On 6 March 2018, the Court of Justice of the European Union, the EU’s highest court, ruled that a clause removing from the EU’s judicial review investment disputes related to the application or interpretation of EU law is incompatible with EU law.

The CJEU’s ruling referred to a bilateral investment treaty (“BIT”) between the former Czechoslovakia and the Netherlands of 1991. Under the BIT, disputes between one contracting state and an investor from the other contracting party had to be settled amicably or before an arbitral tribunal. Challenging a measure of the Slovak government as an infringement against the BIT, Achmea brought arbitration proceedings against that state in 2008. In 2012, the arbitral tribunal, based in Frankfurt am Main (Germany), ruled that Slovakia’s new legislation was contrary to the BIT and ordered the Slovak state to pay Achmea damages in amount of around EUR 22.1 million. Since Frankfurt am Main was chosen as the place of arbitration, German law applied to the arbitration proceedings.

Slovakia brought an action before the Higher Regional Court of Frankfurt am Main to request the annulment of the tribunal’s award. Slovakia claimed that the arbitration clause in question was contrary to Article 18 TFEU (prohibition of any discrimination on grounds of nationality), Article 267 TFEU (exclusive competence of the CJEU to give preliminary rulings on the interpretation of the EU Treaties and acts of EU’s institutions), and Article 344 TFEU (obligation of Member States to submit any dispute concerning the interpretation or application of the EU treaties to the CJEU). As the action was dismissed by the Higher Regional Court, the Slovak state brought an appeal before Germany’s Federal Court of Justice which referred the matter to the CJEU. Germany’s highest court focused on the application of Article 344 TFEU in this case and asked whether the EU treaties preclude an arbitration clause. It also asked the CJEU whether the provisions of the arbitration clause are contrary to the principle of non-discrimination on grounds of nationality.

In its ruling, the CJEU pointed first that the arbitral tribunal concerned was called on to rule on the basis of the law in force of the contracting state concerned by the dispute, as well as on other agreements between Slovakia and the Netherlands. The CJEU added that since EU law forms part of every Member State’s legislation and derives from an international agreement between those states, the arbitral tribunal may be called on to interpret or apply EU law.

The CJEU further found that the arbitral tribunal is an exception to the jurisdiction system of both the Netherlands and Slovakia and that such arbitration tribunals cannot be considered as courts “of a Member State” within the meaning of EU law. Therefore, they have no power to refer a matter subject to their decision to the CJEU for a preliminary ruling.

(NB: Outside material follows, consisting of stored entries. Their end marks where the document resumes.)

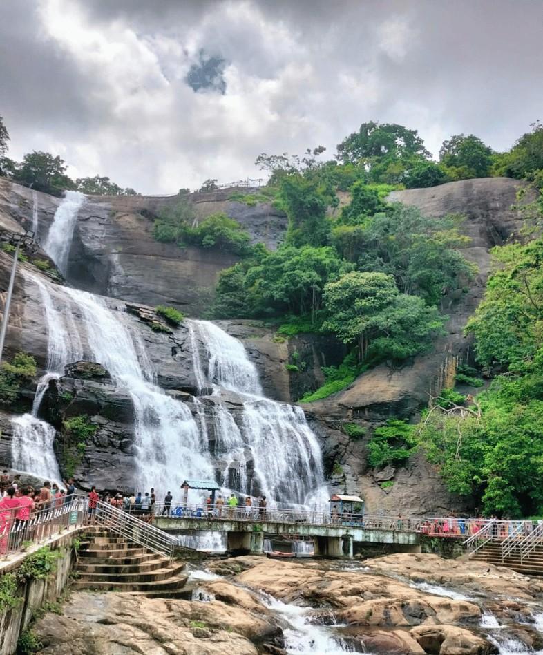 Courtallam Falls, also known as Kutralam Falls, is a renowned natural attraction situated approximately 160 kilometers from Madurai in the southern Indian state of Tamil Nadu. These falls are famous for their picturesque beauty and are a popular destination for tourists and nature enthusiasts. Courtallam is unique in that it features multiple waterfalls in a serene and lush green setting, each with its own name and charm. The falls are not only a visual delight but also offer the therapeutic benefits of the mineral-rich waters, making them a favored spot for rejuvenation and relaxation. Visitors come to Courtallam to enjoy the natural beauty, take a dip in the cool waters, and experience the soothing and refreshing ambiance of this captivating waterfall destination.
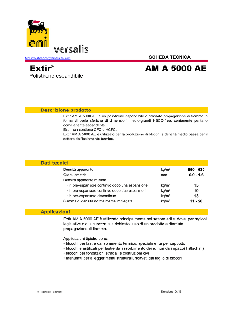. SCHEDA TECNICA [email protected] Extir® AM A 5000 AE Polistirene espandibile Descrizione prodotto Extir AM A 5000 AE è un polistirene espandibile a ritardata propagazione di fiamma in forma di perle sferiche di dimensioni medio-grandi HBCD-free, contenente pentano come agente espandente. Extir non contiene CFC o HCFC. Extir AM A 5000 AE è utilizzato per la produzione di blocchi a densità medio bassa per il settore dell'isolamento termico. Dati tecnici Densità apparente Granulometria Densità apparente minima • in pre-espansore continuo dopo una espansione • in pre-espansore continuo dopo due espansioni • in pre-espansore discontinuo Gamma di densità normalmente impiegata kg/m³ mm 590 - 630 0.9 - 1.6 kg/m³ kg/m³ kg/m³ kg/m³ 15 10 13 11 - 20 Applicazioni Extir AM A 5000 AE è utilizzato principalmente nel settore edile dove, per ragioni legislative o di sicurezza, sia richiesto l'uso di un prodotto a ritardata propagazione di fiamma. Applicazioni tipiche sono: • blocchi per lastre da isolamento termico, specialmente per cappotto • blocchi elastificati per lastre da assorbimento dei rumori da impatto(Trittschall). • blocchi per fondazioni stradali e costruzioni civili • manufatti per alleggerimenti strutturali, ricavati dal taglio di blocchi ® Registered Trademark Emissione 06/15 Extir® Polistirene espandibile AM A 5000 AE Processabilità Extir AM A 5000 AE può essere facilmente pre-espanso fino a 15 kg/m³ in una sola espansione e fino a 11 kg/m³ dopo una seconda espansione.In quest'ultimo caso è opportuno non forzare l'espansione sino al limite ottenibile. Il tempo di maturazione consigliato,prima dell'utilizzo,dipende ovviamente dalla densità di pre-espansione e varia dalle 6 alle 72 ore. Lo stampaggio dei blocchi è caratterizzato da cicli veloci. Inoltre grazie ad un' eccellente reazione al vapore,è possibile stampare pezzi con un più elevato contenuto di materiale FR riciclato, senza significative riduzione delle proprietà. I blocchi vengono tagliati in lastre dello spessore richiesto o in manufatti conformati per mezzo di fili caldi e/o oscillanti. . Informazioni generali Si raccomanda di conservare il prodotto in luoghi asciutti e ben ventilati a temperatura tra 15 e 20°C. A queste temperature il prodotto in octabin mantiene le proprie caratteristiche per almeno un mese; in fusti metallici questo periodo si estende a sei mesi. Durante la lavorazione del Polistirene Espandibile vanno evitate tutte le possibili cause di innesco quali fiamme libere o scintille e si raccomanda quindi il divieto di fumare. Si consiglia una adeguata messa a terra delle apparecchiature e delle linee di trasporto pneumatico. Per ulteriori informazioni relative alla conservazione, imballaggio e precauzioni durante la lavorazione, si prega di fare riferimento a "Stirenici - Schede Tecniche", ed alle "Schede di Sicurezza Extir". In riferimento alle proprietà di "ritardata propagazione della fiamma", gli articoli prodotti con Extir AM AE sono in fase di certificazione B1 nach DIN 4102. I risultati dei test nei nostri laboratori soddistano questo standard. L'azione dell'additivo ritardante di fiamma si esercita solo dopo l'eliminazione dell'agente espandente e solo dopo che Extir AM AE sia stato trasformato in manufatti espansi (adeguatamente stagionati ove necessario). Emissione 06/15 Tutti i valori riportati sono riferiti ai prodotti in versione naturale. I dati, le notizie ed i suggerimenti riportati hanno valore semplicemente indicativo. La Società non assume alcuna responsabilità per i risultati che siano ottenuti con il loro impiego o per la loro utilizzazione in violazione di eventuali brevetti. La Società è comunque disponibile a fornire su richiesta i valori garantiti per i singoli prodotti.
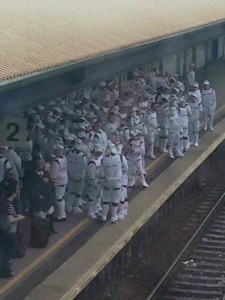 Platform two at the station was flooded with Stormtroopers from the 1970s classic sc-fi film Star Wars.
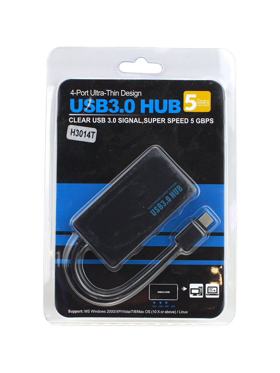 Концентратор TYPE C-4USB(G) HUB черный H3014T

The CJEU further noted that under the BIT, the arbitral tribunal’s decision is final and that the arbitral tribunal may determine its own procedure as well as its seat and, consequently, the national law applicable to judicial review of the validity of the award it makes. However, according to the CJEU, judicial review may be exercised by national courts only to the extent allowed by national law. The CJEU stressed that this requirement was not fulfilled in this case. The CJEU accepts that in the context of commercial arbitration it is accepted that the review of arbitral awards by national courts may be limited in scope. But this cannot be applied in the case of investment arbitration. As the CJEU reasoning goes, while commercial arbitration is the result of the freely expressed will of the parties, investment arbitration is derived from a treaty by which two EU Member States agreed to remove from the jurisdiction of their own tribunals disputes related to the application or the interpretation of EU law. Consequently, Slovakia and the Netherlands established a mechanism of investment disputes settlement that failed to ensure the full effectiveness of EU law.

Furthermore, the CJEU emphasized that the BIT, which was concluded not by the EU but by two Member States, provides for the possibility of submitting investment-related disputes to a body which is not a part of the judicial system of the Member States and, thus, the EU. As a result, the provisions of the BIT questioned not only the principle of mutual trust between the Member States but also the preservation of the specific nature of EU law. The CJEU found that the arbitration clause in question was incompatible with the principle of sincere cooperation, providing that the EU and its Member States should “assist each other in carrying out tasks which flow from the Treaties” (Article 4(3) TEU).

The CJEU ruling has binding effect on all Member States. However, its impact is still not clear as the judgment refers only to investment arbitration, rather than to arbitration proceedings in general. The impact of this ruling on other pending proceedings is not clear. It is also unclear whether this ruling suggests that BIT between Member States must be renegotiated and arbitration clauses have to be deleted.